Case ID: pa_443/html/0335-01.html
Source: Caselaw Access Project
Author: {"author": "Mr. Justice Roberts,", "license": "Public Domain", "url": "https://static.case.law/"}
Date Created: 2024-08-24T03:29:51.129683

Young et al., Appellants, v. Kaye.
    
      Argued October 6, 1970.
    Before Bell, C. J., Jones, Cohen, Eagen, O’Brien, Roberts and Pomeroy, JJ.
    reargument refused August 10, 1971.
    
      John G. Bane, Jr., with him Roger G. Wiegand, and Reed, Smith, Shaw & MeClay, for appellants.
    
      Philip F. Jacobus, for appellees.
    
      Anthony E. Chambers, with him Chambers & Crismam, for appellees.
    
      June 28, 1971:
   Opinion by

Mr.
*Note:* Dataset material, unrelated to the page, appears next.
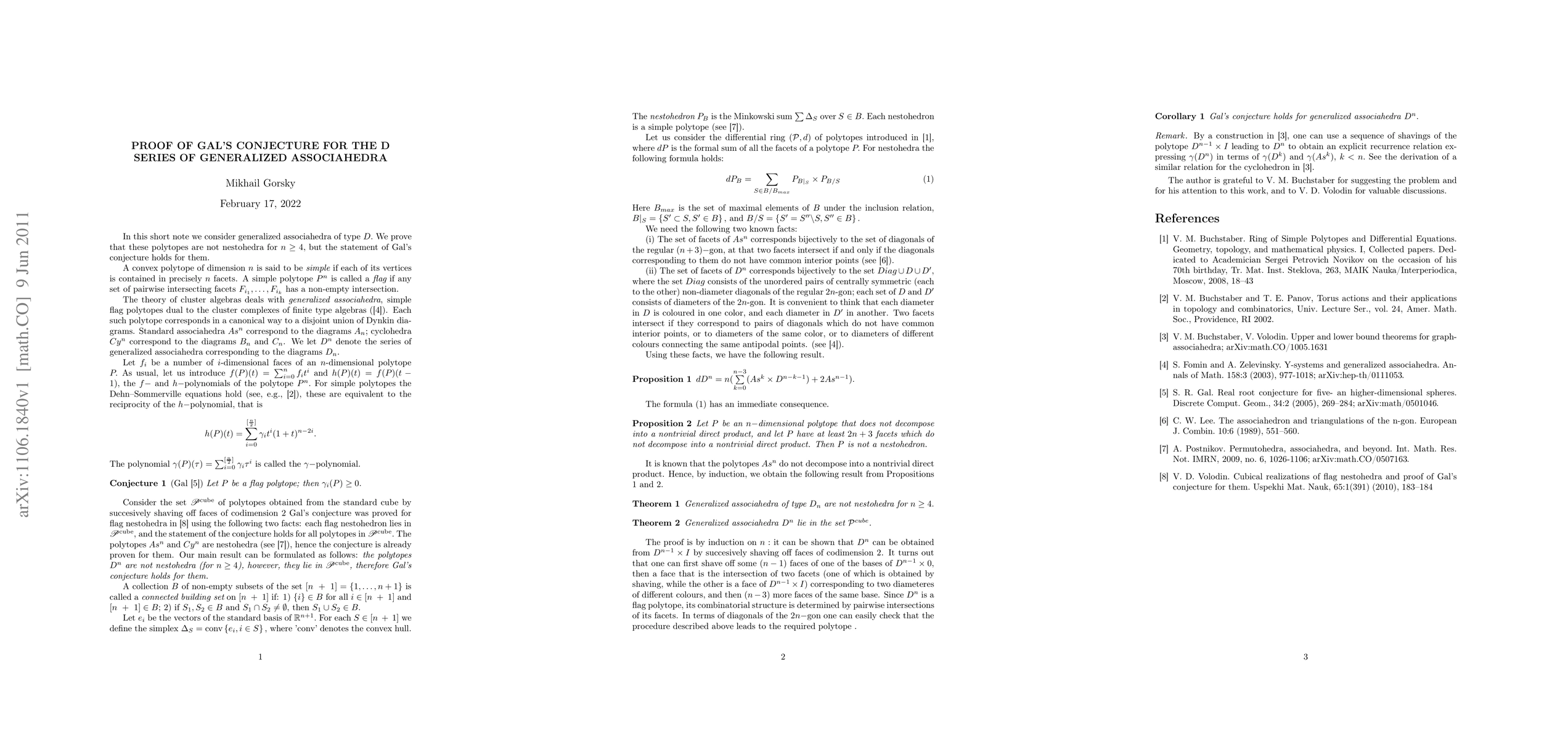 In this short note we consider generalized associahedra of type D_n. We prove that these simple flag polytopes are not nestohedra for n > 3, but the statement of Gal's conjecture holds for them.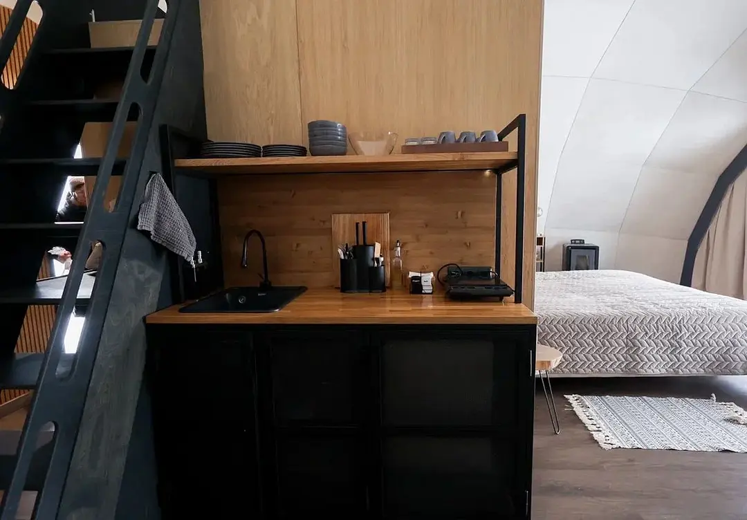 - Кухня: электрическая плита, мини-холодильник, тиабар, посуда и столовые приборы, раковина.

Justice Roberts,

This appeal arises out of an action in equity in the Court of Common Pleas of McKean County to quiet title to 10,000 shares of stock of the Kinzua Oil and Gas Corporation, suit having been brought by appellants Fred Young and the guardian of his wife Mercedes.

It is conceded by all that the Youngs owned the stock in question until late 1966 or early 1967, at which time Fred Young on his own behalf and on behalf of his wife Mercedes caused to be executed a certificate for the 10,000 shares registered in the name of appellee Melvin Brooks. In December of that year, Brooks sold the same stock to appellee Traner Associates and Company for the sum of f50,000.

The two issues posed by this appeal are whether the stock transfer from the Youngs to Brooks is voidable because of a confidential relationship between Brooks and Young and, if so, whether Traner Associates nevertheless holds good title to the stock by virtue of the circumstances in which it acquired the stock from Brooks. Having reviewed this voluminous record, we hold that the Young-Brooks transfer is voidable and that the Youngs have a claim to the stock superior to that of Traner Associates.

I. The Young-Brooks Transfer

Kinzua Oil and Gas Corporation, a Pennsylvania Corporation with a registered office in Erie, Pennsylvania and a general business office in Bradford, Pennsylvania, was incorporated in 1942 by Arthur Stone Dewing of Newton, Massachusetts, Charles C. Davis of Kane, Pennsylvania, and appellant Fred Young. The authorized capital stock of the corporation was and is 10,000 shares of common stock, all of which were issued initially to Dewing and members of his family, except for one share each to the other two incorporators. On or about July 19, 1960, the Dewing family sold its entire interest in Kinzua, 9,998 shares, to Fred and Mercedes Young for $10,000. At approximately the same time Arthur Dewing resigned as president of Kinzua, and Fred Young assumed that office as well as the office of treasurer. Although a man of sound mind, Fred Young was then in his seventies.

Primarily a holding company, Kinzua’s principal asset is 1143 of the 1500 authorized and outstanding shares of the preferred stock of Kane Gas, Light and Heating Company, a public utility corporation supplying natural gas to the public in and around Kane, Pennsylvania. Because of certain defaults in the payment of dividends on the Kane Gas preferred stock, Kinzua has voting control of Kane Gas. From 1960 to 1967, Fred Young was president of Kane Gas as well as Kinzua, and both companies shared common offices in Kane, Pennsylvania.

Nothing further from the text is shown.